Environmental Science teacher Shaun Thompson attended his prom with his toxic high school girlfriend, Nicole.

“All my friends hated her because she was an awful girlfriend,” Thompson said. “She was manipulative and drove a wedge between me and one of my close female friends.”

His friends even excluded him from the limousine on the way to the dance because they disliked her so much.

“That stung,” he recalled.

He advises that if all your friends hate your significant other, it probably isn’t a relationship you should be in.

Thompson is engaged to be married this spring, and fortunately Nicole will not be in attendance.

Prom was a big deal for biology teacher Mika Tweitmeyer. And not only because of the opulence.

All 900 students in her grade enjoyed a live band, three separate dinner seatings, a DJ, a hypnotist show, and water fountains filled with fish.

“John Mayer played at my brother’s prom,” Tweitmeyer said.

These festivities began on their way to the dance.

“The big thing was how you got to prom,” Twietmeyer said. “There was a red carpet, risers for the parents.”

Students pulled up in a variety of comical entrances ranging from horse-drawn carriages to ice cream trucks, from bulldozers to trolleys.

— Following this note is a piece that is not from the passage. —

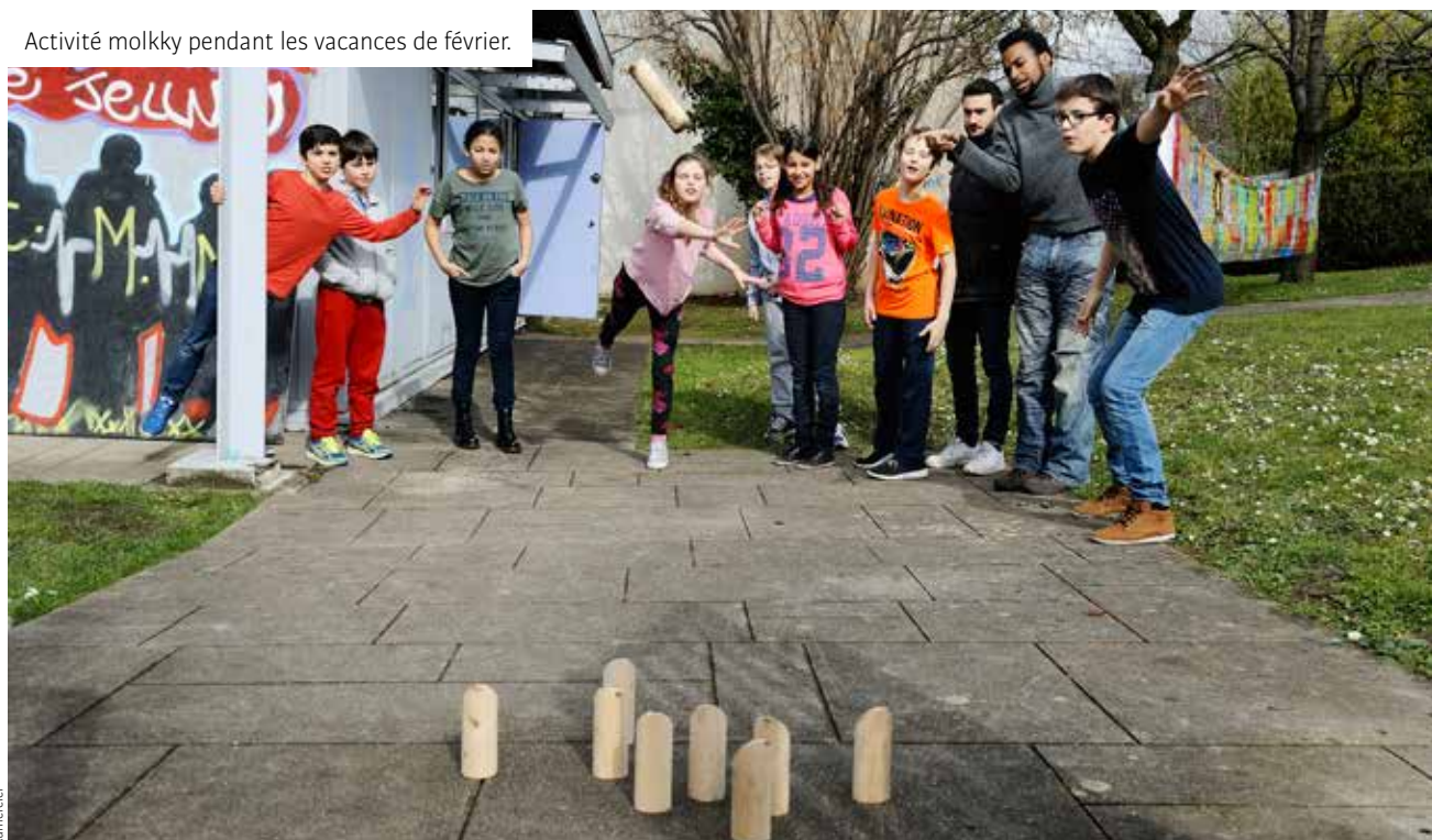
Activité molkky pendant les vacances de février.

« Autonomie, liberté et convivialité à l'espace jeunes »
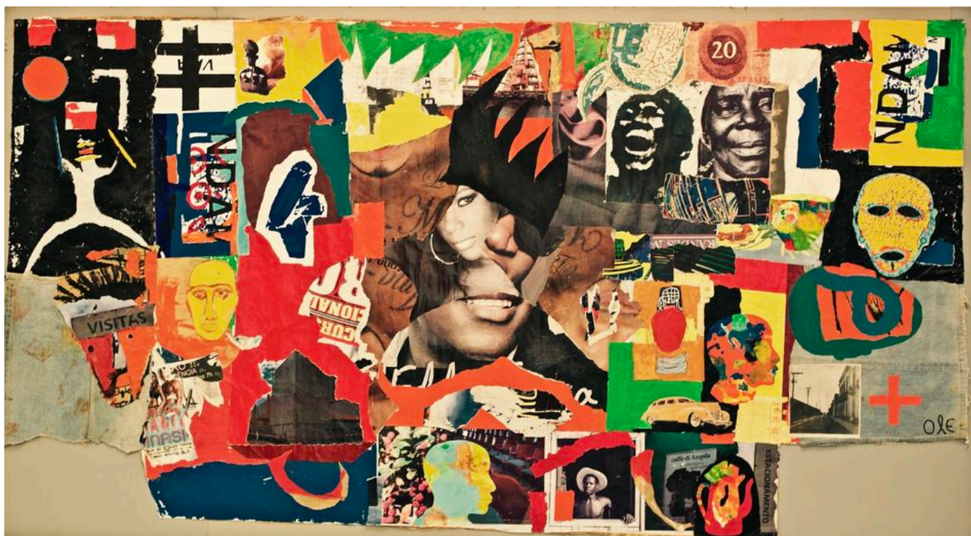
António Ole (Angola), The Maculusso Mural , 2014.

Despite this, the most important part of her prom was her date. She was accompanied by her now-husband, Jon. Twietmeyer.

“We dated in high school, then broke up when we were in college, I got married to someone else, and then we later found each other, decades later, and got married.”

If we can learn anything from Twietmeyer, take your date screening seriously, because instead of walking down the red carpet, you could be walking down the aisle. Keep your standards high!

Theater arts teacher Monique Taylor was not like other girls; she never attended prom.

“We were too cool to go to prom,” Taylor said. “So we went to a nightclub instead.”

She was accompanied by her friend and their dates.

This choice left a void in Taylor’s life, that she has attempted to remedy through volunteering on the prom committee to organize prom for three years.

“I kind of used it to fill in the hole for me,” Taylor said.

English teacher Mary Foster has served as prom chaperone numerous times over her 23 year long career at Riverside. She describes this experience as both lovely and disturbing. “Besides the children trying to have sex with their clothes on it’s always lovely,” Foster said. “It’s amazing to me how beautiful the ladies are, and then they’re humping all over someone.”

Foster echoes the same sentiment of many other teachers: that it is so striking to see their students dressed up and in a non-academic setting.

“I see my serious, good students dressed up like princesses,” Foster said. “And then I see them on the dance floor and I think, ‘does your father know what you're doing on the dance floor? Because if so, I bet he’d beat you and kill that boy.’” No one knows how to party like the chorus kids.

Conner Bolen and Anna Allman attended Riverside prom with their Chorus friends. After a fancy Italian dinner and a picture taking session down by the Eno, they danced the night away.

But the real capstone of the event was the after party.

“We went and watched Les Mis in somebody's basement,” he said.

So if you’re short on afterparty ideas, consider Bolen’s example of singing along to a basement musical extravaganza.